I am tracking my body weight in a spread sheet but I want to improve the experience by using R. I was trying to find some information about time series analysis in R but I was not succesful.

The data I have here is in the following format:

date -> weight -> body-fat-percentage -> water-percentage

e.g. 10/08/09 -> 84.30 -> 18.20 -> 55.3

What I want to do

plot weight and exponential moving average against time

How can I achieve that?

+3  A: 

Read the data into R using x <- read.csv(filename). Make sure the dates come in as character class and weight as numeric.
Then use the following:

require(zoo)
require(forecast) # Needed for the ses function
x$date <- as.Date(x$date,"%m/%d/%Y") # Guessing you are using the US date format
x$weight <- zoo(x$weight,x$date) # Allows for irregular dates
plot(x$weight, xlab="Date", ylab="Weight") # Produce time plot
ewma <- as.vector(fitted(ses(ts(x$weight)))) # Compute ewma with parameter selected using MLE
lines(zoo(ewma,x$date),col="red") # Add ewma line to plot
Rob Hyndman
There is the problem I have been facing in the past. All tutorials I found use a frequency. The data I have here are dates. I pretty much recorded my weight everyday. Once in a while I forgot it though. The result is, that there is no clear frequency but a date -> weight relationship.
Christian Stade-Schuldt
I've modified my answer to allow for irregular dates and no specified frequency.
Rob Hyndman
I tried your solution the chart works but when it comes to the smoothing I get the an error, that the object "wt" cannot be found.
Christian Stade-Schuldt
+1  A: 

Looks like you need to handle an irregularly spaced time series, so ts is not an option. Use one of the other time series libraries. zoo is the most widely used, but some other options are timeSeries, xts, fts, and its. Have a look at the CRAN view: http://cran.r-project.org/web/views/TimeSeries.html.

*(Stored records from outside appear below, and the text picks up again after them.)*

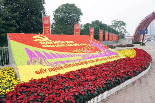 | Hanoi’s streets are colorful with flags and flowers to welcome the 12th National Party Congress. (Photo: thanhnien.vn) |
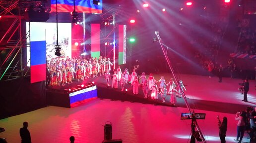 Мероприятие во Дворце Спорта им. В. Высоцкого. Песня [Две сестры - Беларусь и Россия] начало соревнований.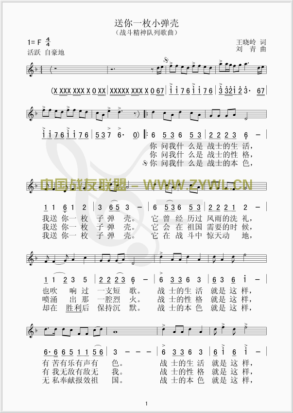 [七字歌谱]送你一枚小弹壳(五线谱/简谱对照)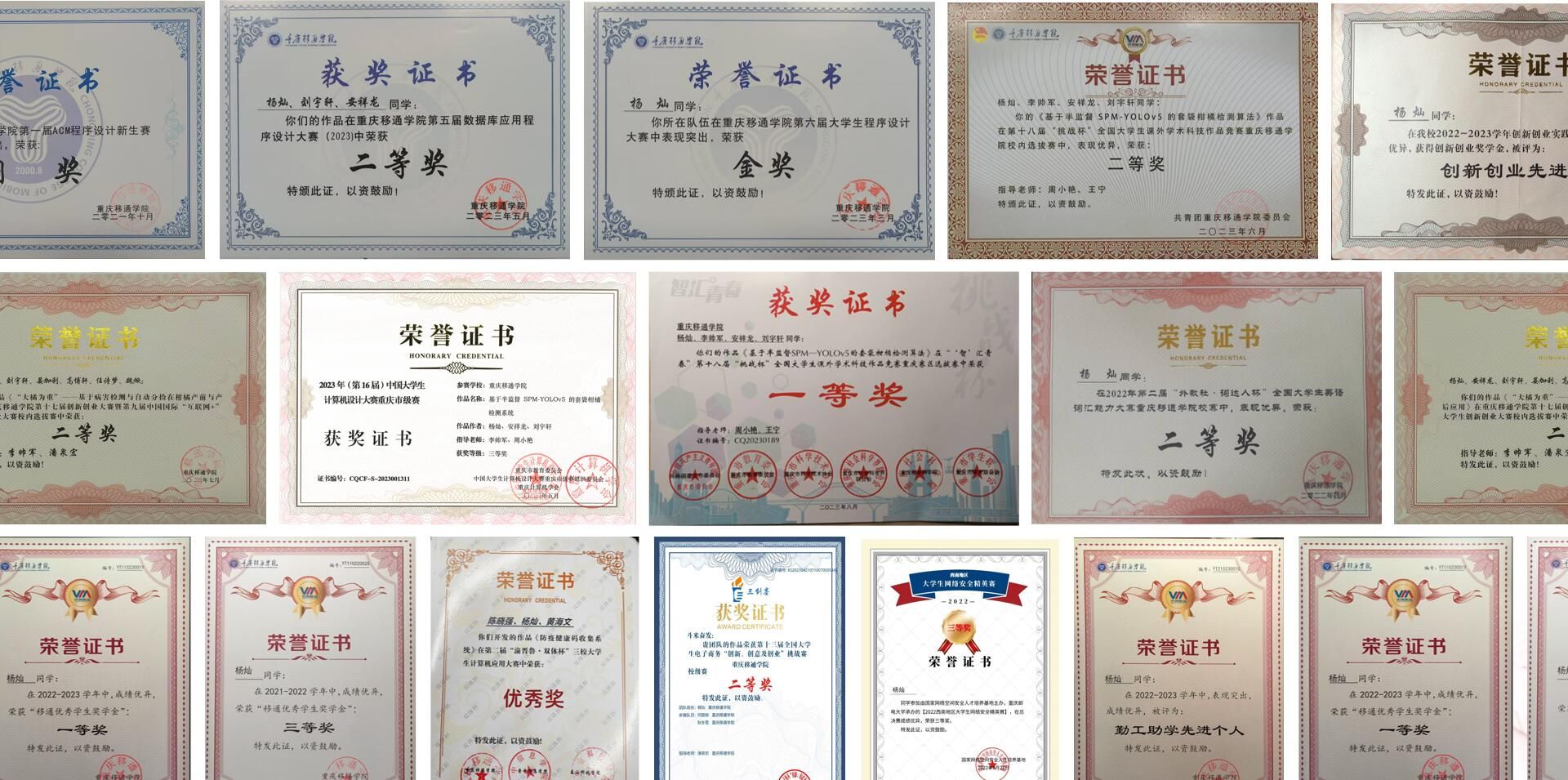 在我校“四位一体+双院制”育人模式的培养下,杨灿不仅在学科竞赛中取得了深厚的专业知识,还在志愿服务、竞技体育、艺术修养、社团活动方面得到全面培养。她曾担任大数据学院青年志愿者协会负责人,组织校园活动20余项,包括组织诚信月活动,弘扬诚信价值;举办“众心防艾 全民禁毒”安全教育微课大赛,创建无毒无艾的纯洁校园;对接蓝天救援队,宣传紧急救援技能及经验.....不仅如此,作为志愿者,她勤恳务实,乐于奉献。疫情期间对老年人进行疫苗接种宣传动员、去养老中心做义工陪伴老人、劝导同学助力光盘行动,成为2022年智博会志愿者。学校完满教育的多元化教育使她具备了更加广泛的视野和全面的素养。在课堂之外,她通过参与志愿服务和社会实践,拓展了自己的人文关怀和社会责任感。这样的全面素养不仅在她个人的成长中起到了推动作用,也使她在团队协作和社会责任方面表现出色。

One challange that I can see right now is your date format. I suggest either reformatting the date first in your data or else using the format() function in R, but you will need to convert those into a Date or POSIX object in R to use it with a time series package.

You can use the read.zoo() function to read in your file a a time series. Also have a look at the vignette. For the EWMA, I believe that there are several options there too. Rmetrics and TTR both have versions.

I'll post an example when I get to a computer. Incidentally, there are many resources available on this subject. Have a look at this ebook: http://www.rmetrics.org/ebooks/TimeSeriesFAQ.pdf.

Shane
A: 

There is a really good book on Time Series in R just came out this summer

http://www.amazon.com/Introductory-Time-R-Use/dp/0387886974

if you'd like to dig deeper into the subject.